I ve been out trout fishing for a month and not seeing great results does anyone know of paylakes/or big lakes for trout fishing? I caught a couple at cedar lake and pine hills and my only time limiting out was a bag full of 6-8" runts at stonelick lake. Any close lakes I got my powerbait just need directions


----------



## catmando (Aug 21, 2006)

Rush Run has trout. Last time out I picked up a few along the dam in the morning.


----------



## CHEFSKIP (Jul 25, 2006)

How big were they?


----------



## catmando (Aug 21, 2006)

2 were around 8" and one was just over 12


----------



## riverKing (Jan 26, 2007)

i have done really well at pine hill with a fly rod, try spinners its not cold enough for powerbait.


----------



## boonecreek (Dec 28, 2006)

chifskif,. check out wkyc out doors,./ right to the right of this colum right now, love to catch some of those puppies


----------



## Tall cool one (Jul 13, 2006)

Trout? You like big ones? Like 5-8 lbs? Go to any lk erie trib right now and throw powerbait under a float,minnies under a float or use spinners or a rapala as there are steelhead in right now. I hit a trib this week using flies and caught fish till my arm was sore,biggest was 13 lbs.Streams E of the central basin have the most as those are stocked but they wander all over and go up every piece of water deep enough to cover their back.I've seen 'em stacked like cordwood in some step-across creeks but it aint sportin to catch them under those conditions as they are meant to run far and jump high,not flop in shallow water.Keep only the silver ones fresh from the lake as the rainbow colored ones have been in for a while and taste like the river.TC1


----------



## boonecreek (Dec 28, 2006)

sounds like a blast, when u going back up there ?


----------



## Tall cool one (Jul 13, 2006)

Probably tonight.
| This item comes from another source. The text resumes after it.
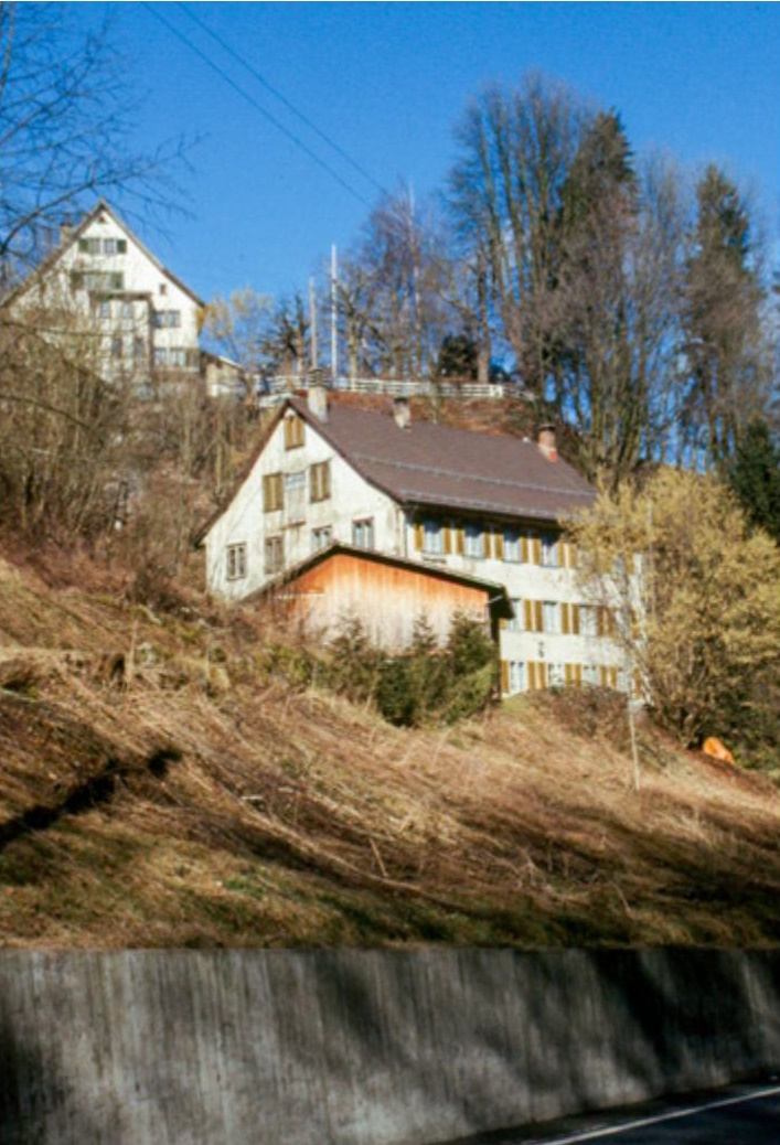 Das mit 1765 datierte Waschhaus gehörte stets denselben Besitzern wie die gegenüber gelegene Wirtschaft. 1925 wurde dieses Gebäude um einen Garagenanbau erweitert. 68 Die Scheune mit Remise und Wagenschopf wechselte ab 1893 durch Kauf verschiedentlich den Eigentümer und gehörte 1893 Jakob Gattiker, 1897 Gottlieb Schärer, 1906 Heinrich Stäubli, 1912 Alois Fuchs und kam 1916 in den Besitz der Tuchfabrik Wädenswil AG.69 Jakob Gattiker erwarb 1893 das 1873 neu erstellte Wohnhaus, Ersatz für den 1873 abgebrannten Speicher von 1749. 1897 wurde Gottlieb Schärer neuer Eigentümer, 1906 Hermann Stäubli und 1916 die Tuchfabrik Wädenswil AG.70
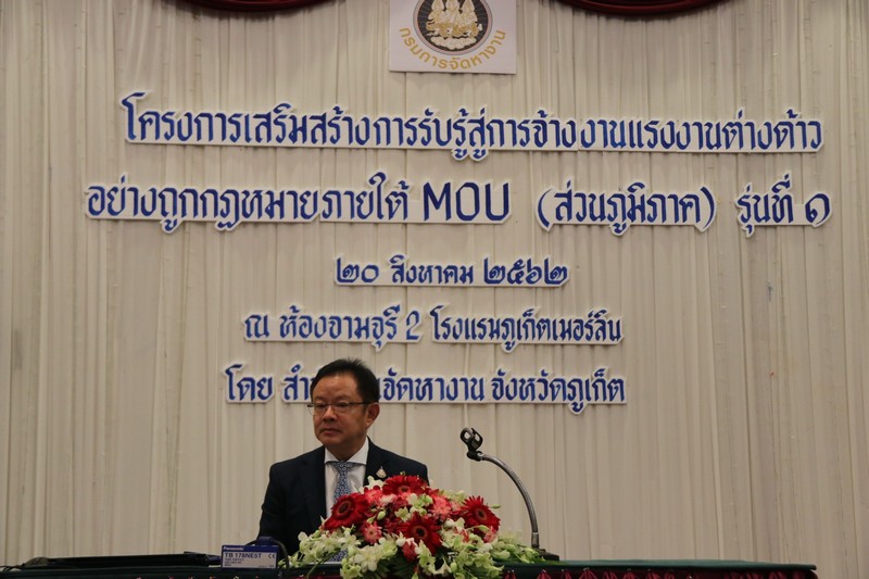 นายขัตติยะ แพนเดช จัดหางานจังหวัดภูเก็ต กล่าวว่า สืบเนื่องจากมติ ครม. เมื่อวันที่ 16 มกราคม 2562 ที่เห็นชอบการบริหารจัดการการทำงานของคนต่างด้าวในประเทศไทย โดยให้จัดตั้งศูนย์บริการเบล็ดเสร็จทุกจังหวัดทั่วประเทศ เพื่อจัดทำทะเบียนประวัติตรวจลงตราและขออนุญาตทำงานสำหรับแรงงานต่างด้าว สัญชาติกัมพูชา ลาว และเมียนมา ซึ่งจากการดำเนินการดังกล่าว แรงงานต่างด้าวจะได้รับอนุญาตให้อยู่ในราชอาณาจักรและทำงานถึงวันที่ 1 พฤศจิกายน 2562 สำหรับตำแหน่งกรรมกรและงานรับใช้ในบ้านและเมื่อสิ้นสุดการอนุญาตดังกล่าว แรงงานต่างด้าวจะต้องเดินทางกลับออกไปนอกราชอาณาจักรและหากนายจ้าง/สถานประกอบการยังมีความต้องการจะจ้างแรงงานต่างด้าวกลุ่มดังกล่าวต่อ จะต้องไปดำเนินการขอนำเข้าแรงงานต่างด้าวตามระบบ MOU เพื่อให้แรงงานต่างด้าวที่มีประสบการณ์ทำงานอยู่แล้วได้ทำงานแบบต่อเนื่อง ซึ่งจะต้องรีบดำเนินการก่อนที่การอนุญาตจะสิ้นสุดลง ดังนั้นเพื่อเสริมสร้างการรับรู้การจ้างงานแรงงานต่างด้าวอย่างถูกกฎหมายภายใต้ MOU ให้แก่นายจ้าง/สถานประกอบการและผู้ที่เกี่ยวได้รับทราบข้อมูล ขั้นตอบและแนวทางการดำเนินการรวมถึงการเตรียมความพร้อมก่อนใบอนุญาตทำงานของแรงงานต่างด้าวกลุ่มดังกล่าวจะหมดอายุ สำนักงานจัดหางานจังหวัดภูเก็ต จึงจัดโครงการเสริมสร้างการรับรู้สู่การจ้างงานแรงงานต่างด้าวภายใต้ MOU ขึ้น

Again at the end of the week too. It's a 4 hr drive from Dayton so I stay over in a cheap motel. I used to drive up and fish and come back the same day but I'm getting too old for that,TC1


----------



## LMRsmallmouth (Jan 10, 2006)

I have been talking about going for weeks now and never pulled my butt up there. I have never been Steelhead fishing and plan on giving it a try real soon! I could deal with a day like yours just fine!


----------



## Tall cool one (Jul 13, 2006)

You'll wanna look for certain conditions for greatest success. The best fishing comes right after a rain and the river comes back into normal flows. Look at the flow charts for the triangles in the CFS section to tell you what normal is for the stream you fish. Go the day before it's "normal" and water should be prime and a new batch of fish in to tear you up. For the chagrin you're looking for flows under 300 cfs,rocky,200 cfs or less,grand 700 or less. Usually if those are in conneaut is too. The streams on the W side(huron,sandusky,maumee etc...) have them too but less so you'll do more fishing to find them. They are migratory so they may not be in a section of river so if you aint gettin hit move to another section. Look for where fast water dumps into a pool,deep pockets in fast water or rocky pools. Rig like for crappie if you're fishing bait. NO leaders! I see rookies fishing w/ steel leaders all the time cuz they see those teeth. They'll bite you off now and then but usually not and a leader will keep them from hitting. If you're throwing lures hit the same water as for smallies,TC1


----------



## boonecreek (Dec 28, 2006)

do they hit early , all day , late evening cloudy days or does these condiction matter much? any help would be great. i live in the totallie opposite end of the state.


----------



## Tall cool one (Jul 13, 2006)

Cloudy days are best and so is lousy weather. Early is not always best when it's cold,towards evening can be best winter bite. Bright sun is not always good but can warm water in shallow riffles and get 'em biting in winter.When the pools ice up is when I stop fishing them.


----------



## CHEFSKIP (Jul 25, 2006)

Ok now I wanna go north! The only trout fishing near cinti is lake or pond. What would be the best bet for steelies or trout in ohio...I got a fever for a roadtrip!!!


----------



## fished-out (Dec 20, 2005)

CHEFSKIP said:


> Ok now I wanna go north! The only trout fishing near cinti is lake or pond. What would be the best bet for steelies or trout in ohio...I got a fever for a roadtrip!!!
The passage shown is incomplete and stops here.